東京都八王子市の関原謙介様より、「M78付近」と「しし座トリオ銀河」をお送りいただきましたのでご紹介します。
 M78l

●バーナードループとM78
2017年2月26日 コーワプロミナー500+TX07(合成焦点距離350mm/F4) ニコン D810A IDAS HEUIB-IIフィルター使用 ISO1100 100秒露出×12枚をStellaImage7でコンポジット ニコンキャプチャーNX2およびNeat Imageにて画像処理 SWAT-350にてノータッチガイド 撮影地 静岡県松崎町
 Leotripletl

●レオ・トリプレット
2017年3月29日 コーワプロミナー500+TX10(焦点距離500mm/F5.6) ニコン D810A IDAS HEUIB-IIフィルター使用 ISO1600 90秒露出×39枚をStellaImage7でコンポジット ニコンキャプチャーNX2にて画像処理 SWAT-350にてノータッチガイド 撮影地 静岡県松崎町
 
■コメント
「バーナードループとM78」は2月下旬の新月の週、以前に掲載していただいた「アンタレス周辺」を撮影したのと同じ晩に撮影したものです。
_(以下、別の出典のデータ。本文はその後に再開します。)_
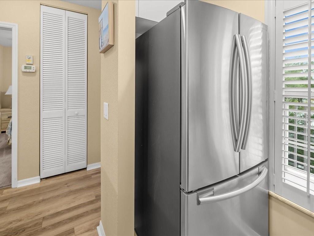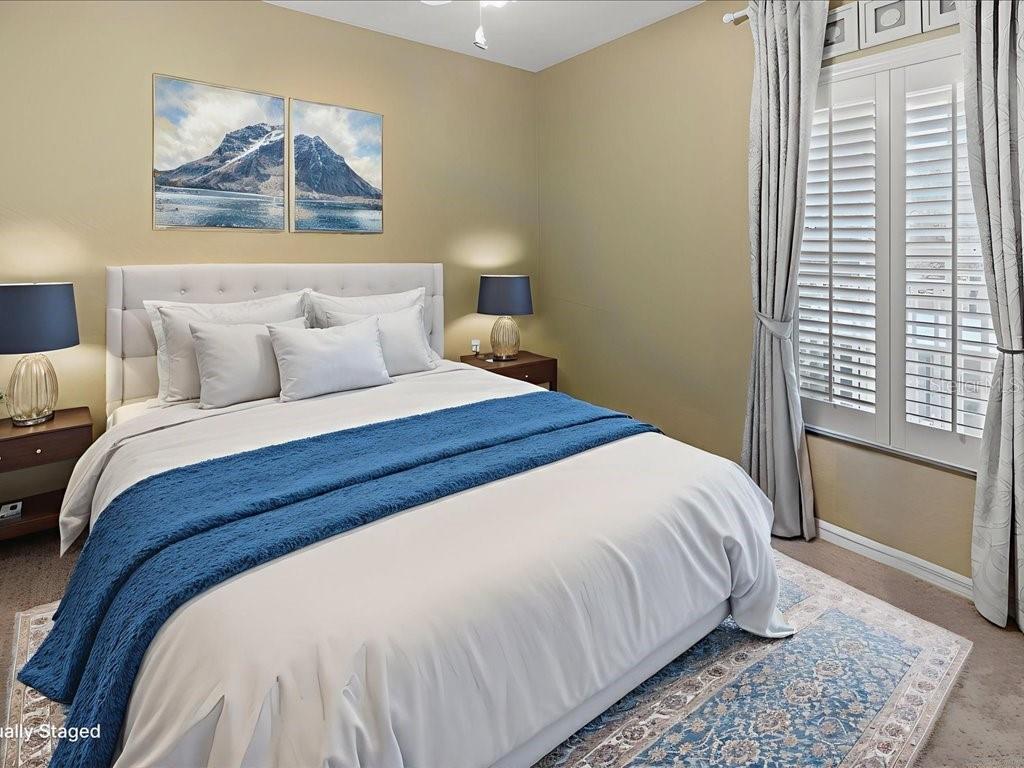 One or more photo(s) has been virtually staged. WELCOME to resort style living in the popular community of Heritage Lake Park! This lovely bright and sunny 2nd floor end unit features an open floorplan that offers views immediately upon entering the home. This home was meticulously maintained and is truly MOVE IN READY! A tastefully neutral pallet of colors throughout allows you to easily personalize your home. Laminate wood flooring in all common areas and bathrooms is as beautiful as it is durable. The kitchen boasts an extremely functional layout and features laminate cabinets and counters, stainless appliances and a breakfast counter all open to the great room with views to the lanai and beyond. Primary bedroom located at the rear of the unit is carpeted and has a large walk in closet, an en-suite primary bath (5x12), lots of counter space, laminate cabinets and countertop, a large shower and a linen closet. The split bedroom floor plan features the second bedroom at the front of the unit for guests' privacy and has views to the front of the building. The Guest bath, (5x12 ), features a tub/shower, laminate cabinets and countertop and a laundry closet with included stackable washer & dryer. Sunshine abounds in the spacious great room and dining area which are perfect for entertaining or just a quiet time at home enjoying the lovely views. Other features in the home are ceiling fans in the bedrooms, great room and lanai, wooden shutters on all windows, all appliances stay, designated space in NEW carport, and a new HW heater installed in Nov.25'. Enjoy a morning coffee on your private screened lanai before you head out on a leisurely stroll through the picturesque community or possibly go to the fitness center, tennis/pickle ball courts or a swim in the community pool. There's just so much to do! Large gatherings or events can be planned at the large community clubhouse. Community and Building features: New Roof, Building elevator, Gated entry, central mailboxes, Clubhouse, heated Pool, Exercise Room, and Tennis/Pickle ball Courts. THIS IS TRULY A MUST SEE!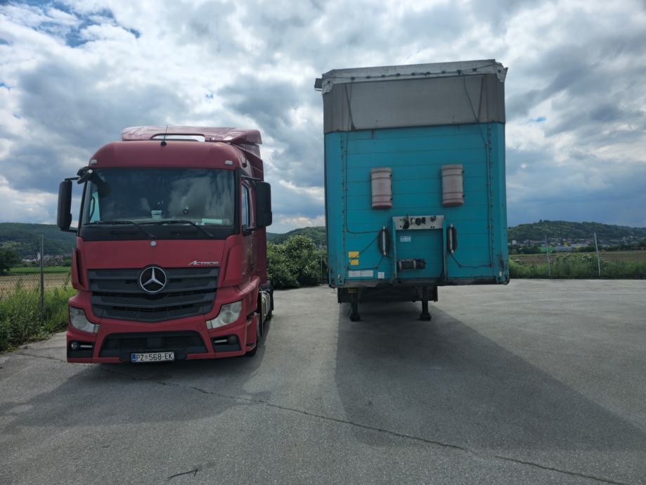 Prodajem tegljač MERCEDES-ACTROS 1842, registriran do 16.06.2026., promijenjena prva osovina i pogon diskovi i pločice, boce od zraka i izmijenjena sva ulja motor i diferencijal, nove gume. Šlepa SCHMITZ, mega, coil korito, utovarni prostor 3m, pocinčana, na sve tri osovine promijenjeni svi diskovi i pločice, amortizeri, jastuci i ležajevi s glavčinom ,nove gume godina proizvodnje 2011, registriranu do 25.06.2026. Cijena za komplet 28.000,00 eura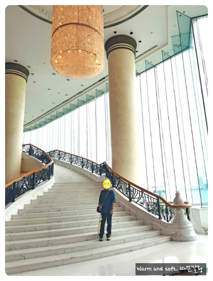 입구부터 멋진 하버그랜드구룡호텔. 저 앞에서 인증샷을 찍거나 웨딩촬영을 하는게 그리 대세라고 해서 우리 멋진 남편도 한 장 찍어줬다. 이 호텔은 크게 두 가지 메리트가 있다고 설명을 들었는데 하나는 하버뷰에서는 8시에 더 심포니 오브 라이츠를 볼 수 있다는 것. 또 하나는 옥상에 전지현이 출연했던 도둑들 촬영장소였던 옥외수영장이 있다는 것. 그렇게 뷰가 아름답다고 해서 선택한 하버 그랜드 구룡 호텔.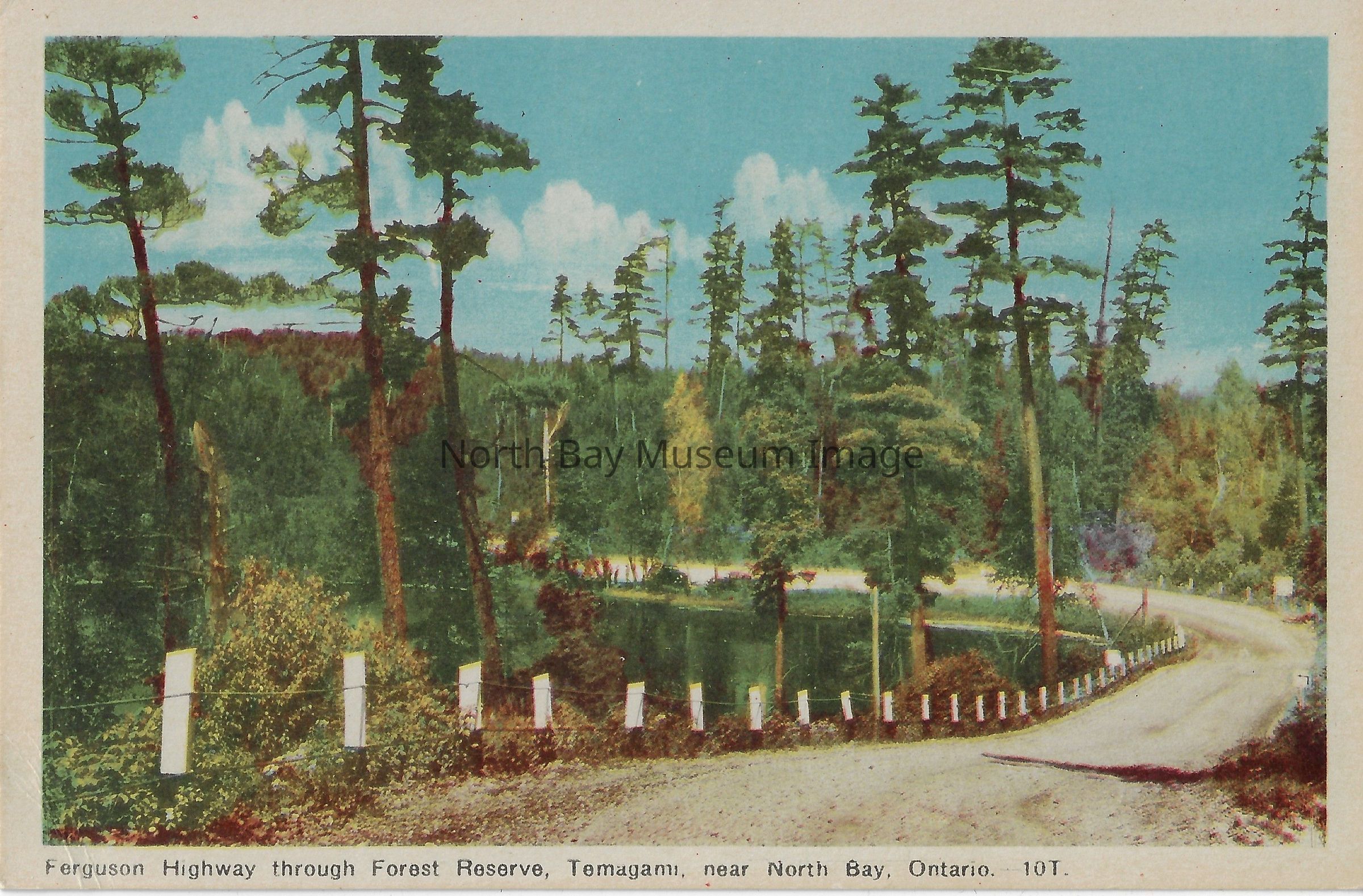 Colour, painted postcard. The postcard shows a empty, dirt road. On both sides of the road is a wooded area, covered in trees and vegetation. The postcard is entitled "Ferguson Highway through Forest Reserve, Temagami, near North Bay, Ontario. - 10T."Date(s) of Creation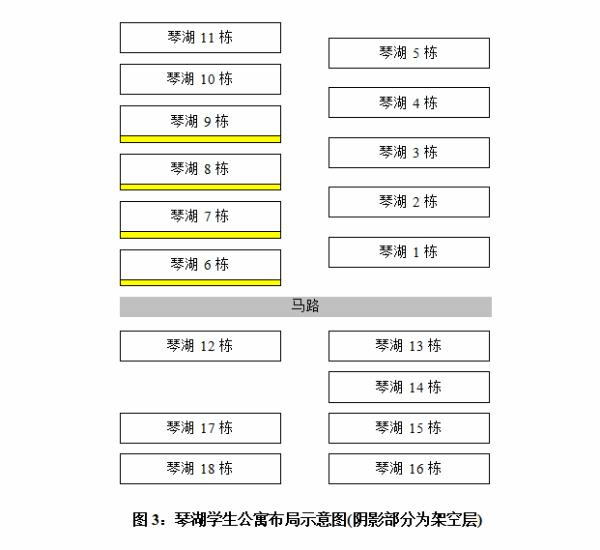 我校學(xué)生宿舍分布在北苑學(xué)生宿舍區(qū)、南苑學(xué)生宿舍區(qū)、琴湖學(xué)生公寓、西湖學(xué)生公寓、金瀚林學(xué)生公寓、興湘學(xué)生宿舍區(qū)等6個(gè)區(qū)域。各區(qū)域布局情況見圖1-圖6。
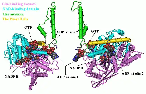 Cada dominio está coloreado diferente - Glu-BD, NAD (P)-BD, antena, la hélice pivote. Los reguladores alostéricos están mostrados como modelos de esferas. Esta estructura particular de la GLUD1 es una combinación de dos estructuras por rayos X - una con una GTP unida (1HWZ) y la segunda con un ADP unido (1NQT). Aunque no es real, esta estructura muestra la posición relativa de los efectores alostéricos cuando se unen a la GLUD1. El NADPH y el glutamato también se muestran.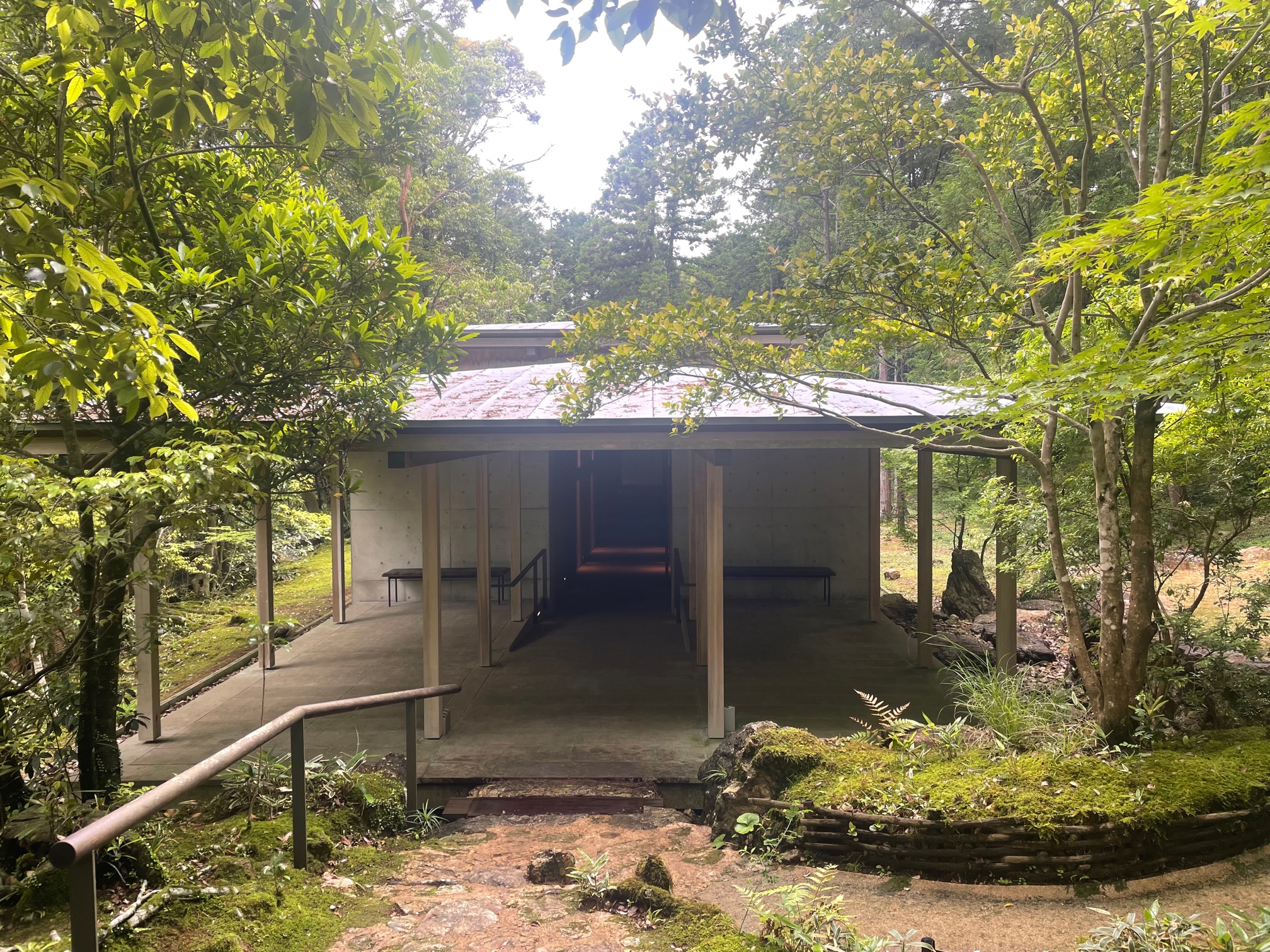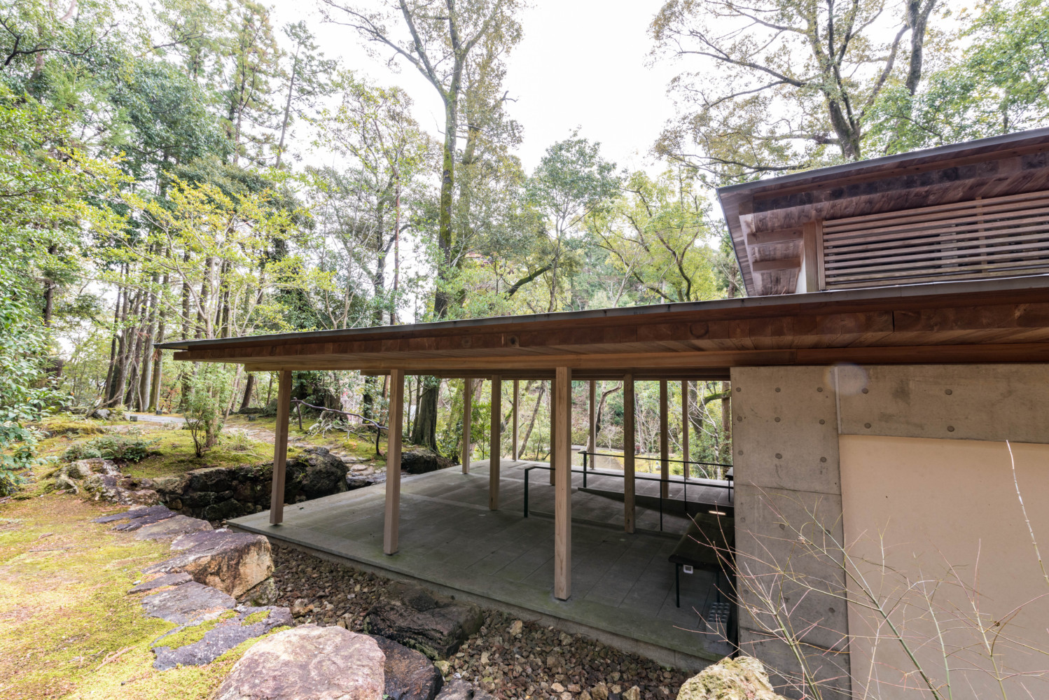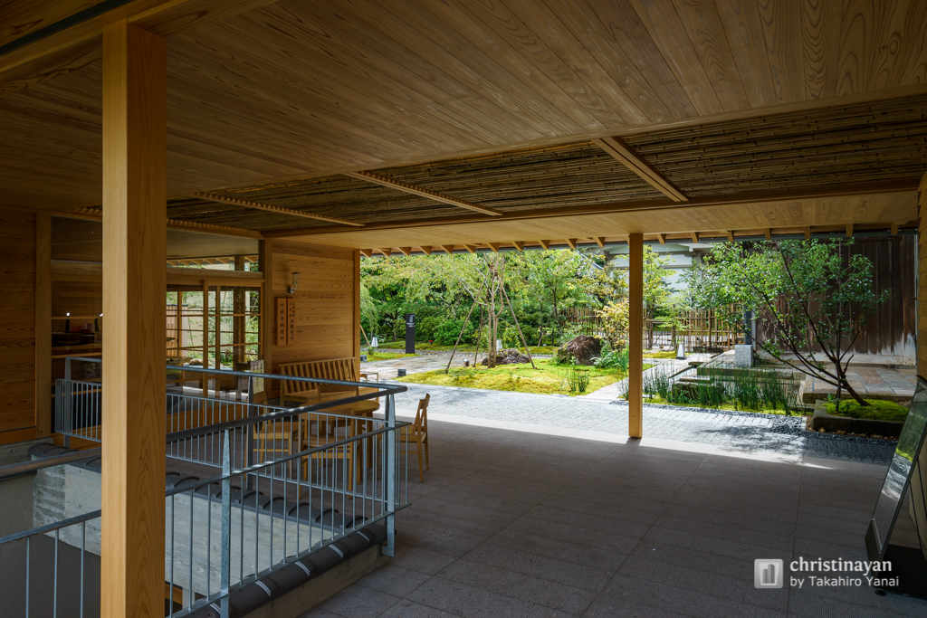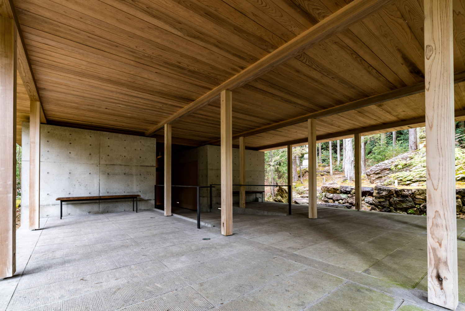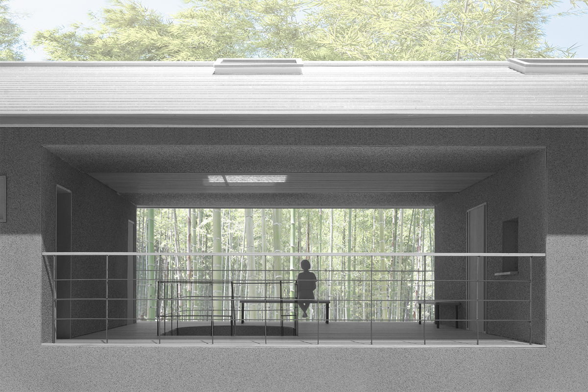 竹林寺納骨堂の低い屋根がかかる半外部空間冨田秀雄建築アトリエ。

この日は、とにかく風が強く、どうにか使えるコマが12枚で、トータル20分程度の露光時間での画像です。M78やバーナードループ周辺の散光星雲の濃淡をもっと写し込みたかったのですが、来年の楽しみにとっておきます。「レオ・トリプレット」はコーワプロミナーにレデューサーを付けず、焦点距離500mmでの撮影です。風はなかったのですが、今度は雲にじゃまされ、トータル1時間程度の露光時間を確保するのがやっとでした。この春はいい条件で撮影できず、もやもやがたまっています。
 
■係より
3月は天候に恵まれず、みなさん鬱憤が溜まってしまったようです。関原さんも約1ヶ月ぶりのご投稿となりました。オリオン座のM78星雲は、付近に広がる暗黒星雲を近くの恒星が照らして反射したものです。暗黒帯が複雑に入り組んでいて、作例でもその一端が分かります。ちょうどバーナードループの濃い部分も一緒に写せますので、人気のある構図となっています。しし座のトリオ銀河も人気の撮影ポイントで、三つ子銀河とも呼ばれます。上がNGC3628、左下がM66、右下がM65です。しし座、おとめ座、かみのけ座付近は銀河の宝庫で、このあたりならどこを向けて撮っても、何かしらの銀河が写っていることが多いです。コーワプロミーナーの星像はシャープですから、撮っていて楽しいですね。このたびは、ご投稿ありがとうございました。4月の新月期に期待しましょう。